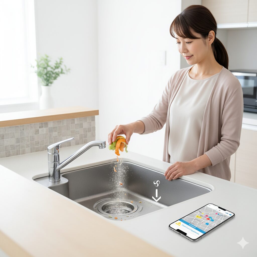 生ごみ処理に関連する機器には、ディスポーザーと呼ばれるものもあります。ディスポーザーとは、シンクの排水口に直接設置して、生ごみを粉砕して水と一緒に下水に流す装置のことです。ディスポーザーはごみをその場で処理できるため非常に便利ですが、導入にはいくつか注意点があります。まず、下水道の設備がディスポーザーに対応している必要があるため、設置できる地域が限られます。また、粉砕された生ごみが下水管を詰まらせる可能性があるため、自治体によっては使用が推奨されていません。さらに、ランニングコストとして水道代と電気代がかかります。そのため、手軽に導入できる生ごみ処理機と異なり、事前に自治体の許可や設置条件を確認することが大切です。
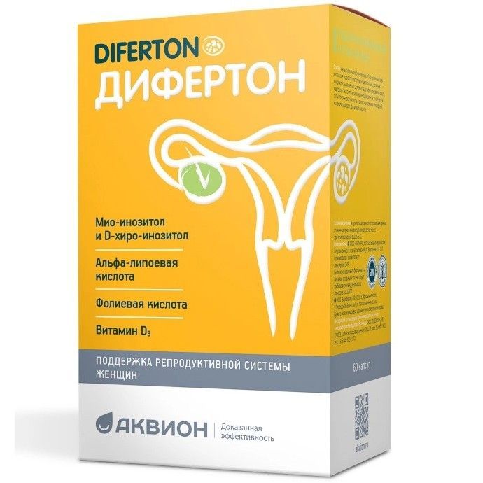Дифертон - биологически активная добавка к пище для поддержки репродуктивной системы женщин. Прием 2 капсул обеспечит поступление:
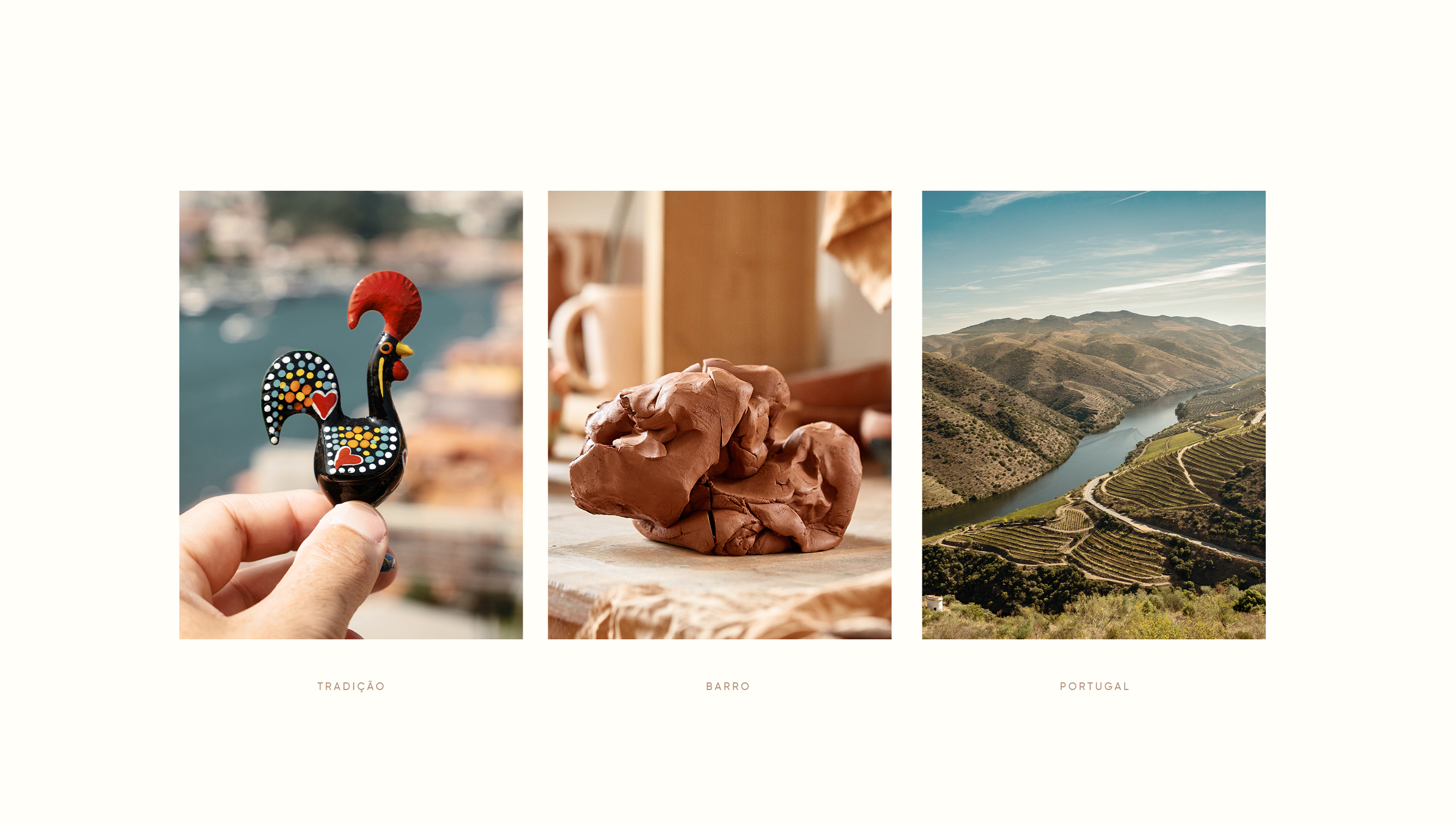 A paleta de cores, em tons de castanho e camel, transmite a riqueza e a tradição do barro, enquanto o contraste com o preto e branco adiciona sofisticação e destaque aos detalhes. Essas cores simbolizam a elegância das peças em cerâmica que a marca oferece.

========================================

WHAT YOU NEED TO DO:
Your copy of the data should match it exactly, apart from the images, which are omitted.

YOUR SOLUTION:
 生ごみ処理に関連する機器には、ディスポーザーと呼ばれるものもあります。ディスポーザーとは、シンクの排水口に直接設置して、生ごみを粉砕して水と一緒に下水に流す装置のことです。ディスポーザーはごみをその場で処理できるため非常に便利ですが、導入にはいくつか注意点があります。まず、下水道の設備がディスポーザーに対応している必要があるため、設置できる地域が限られます。また、粉砕された生ごみが下水管を詰まらせる可能性があるため、自治体によっては使用が推奨されていません。さらに、ランニングコストとして水道代と電気代がかかります。そのため、手軽に導入できる生ごみ処理機と異なり、事前に自治体の許可や設置条件を確認することが大切です。
Дифертон - биологически активная добавка к пище для поддержки репродуктивной системы женщин. Прием 2 капсул обеспечит поступление:
 A paleta de cores, em tons de castanho e camel, transmite a riqueza e a tradição do barro, enquanto o contraste com o preto e branco adiciona sofisticação e destaque aos detalhes. Essas cores simbolizam a elegância das peças em cerâmica que a marca oferece.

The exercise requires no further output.